The CPU 130 then determines whether sufficient machine learning has been performed to allow the generative model m to learn the input-output relationship (Step S16). If insufficient machine learning has been performed, the CPU 130 returns to Step S15. Steps S15-S16 are repeated while changing the parameters until sufficient machine learning is performed. The number of machine learning iterations varies as a function of the quality conditions that must be satisfied by the trained model M to be constructed. The determination of Step S16 is carried out based on a loss function, which is an index of the quality conditions. For example, if the loss function, which indicates the difference between the sound data sequence output by the generative model m with respect to the input feature amount sequence that has been input and the reference sound data sequence that is attached as a label to the input feature amount sequence that has been input, is smaller than a prescribed value, machine learning is determined to be sufficient. The prescribed value can be set by the user of the processing system 100 as deemed appropriate, in accordance with the desired quality (quality conditions). Instead of such a determination, or together with such a determination, it can be determined whether the number of iterations has reached the prescribed number. If sufficient machine learning has been performed, the CPU 130 saves the trained model M that has learned the input-output relationship between the musical score feature amount sequence, as well as the input feature amount sequence, and the reference sound data sequence by training (Step S17) and terminates the training process. By the training process, the generative model m learns the correspondence between the input feature amount sequence (for example, input data (x)) and “the reference sound data sequence (for example, reference sound data sequence (x)), which is a sound data sequence corresponding to the input feature amount sequence,” which is attached to the input feature amount sequence as a label.

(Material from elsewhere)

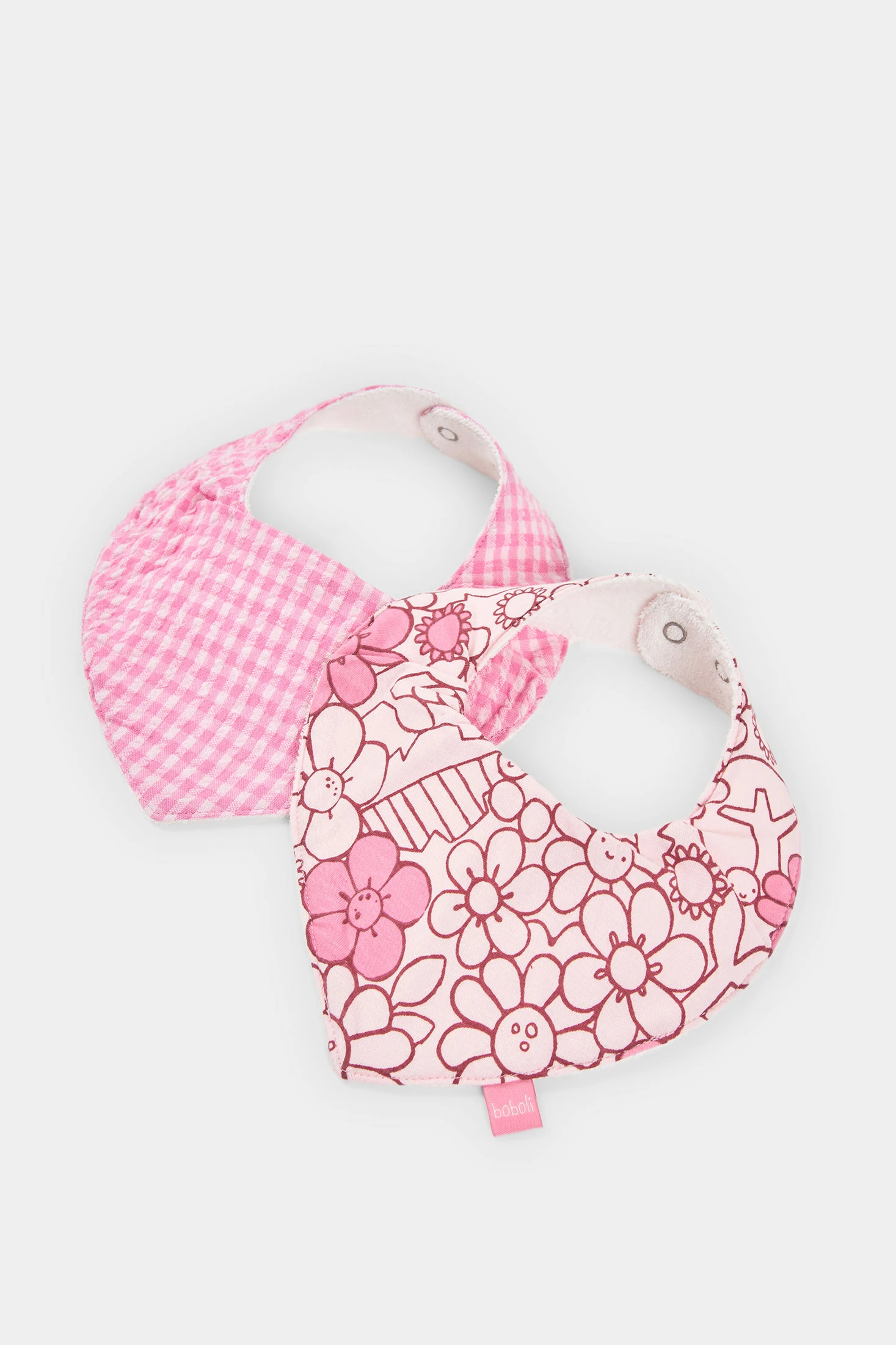 Pack of 2 cotton handkerchiefs for girls, perfect for babies. Made from soft cotton fabric, they offer comfort and delicacy. One features a pink checkered design in poplin, while the other has a floral print in the same colour palette. Ideal for ages from 0 months to 24 months, but in one size, they ensure practicality and style. These handkerchiefs, besides being functional, add a charming touch to the little one's daily ensemble, complementing outfits with their sweet and attractive floral and geometric design.

(6) Effects of the Embodiment

As described above, the sound generation method according to the present embodiment is realized by a computer, comprising receiving a first feature amount sequence in which a musical feature amount changes over time, and using a trained model, which has learned an input-output relationship between an input feature amount sequence in which the musical feature amount changes over time at a first fineness and a reference sound data sequence corresponding to an output feature amount sequence in which the musical feature amount changes over time at a second fineness that is higher than the first fineness, to process the first feature amount sequence, thereby generating a sound data sequence corresponding to a second feature amount sequence in which the musical feature amount changes at the second fineness. As described above, the term “musical feature amounts” indicates that the feature amounts are of a musical type (such as amplitude, pitch, timbre, etc.). The first feature amount sequence, the input feature amount sequence, the output feature amount sequence, and the second feature amount sequence are all examples of time-series data of a “musical feature amount.” That is, all of the feature amounts for which changes are shown in each of the first feature amount sequence, the input feature amount sequence, the output feature amount sequence, and the second feature amount sequence are “musical feature amounts.”

By this method, a sound data sequence that corresponds to the second feature amount sequence is generated even if the changes in the musical feature amount in the received first feature amount sequence are coarse (in other words, even if the musical feature amount changes slowly, in a discrete or intermittent manner, in the first feature amount sequence). In the second feature amount sequence, the musical feature amount changes finely (in other words, quickly and steadily or continuously), and a natural sound is generated from the sound data sequence. Therefore, it is not necessary for the user to input a detailed time series of the musical feature amount.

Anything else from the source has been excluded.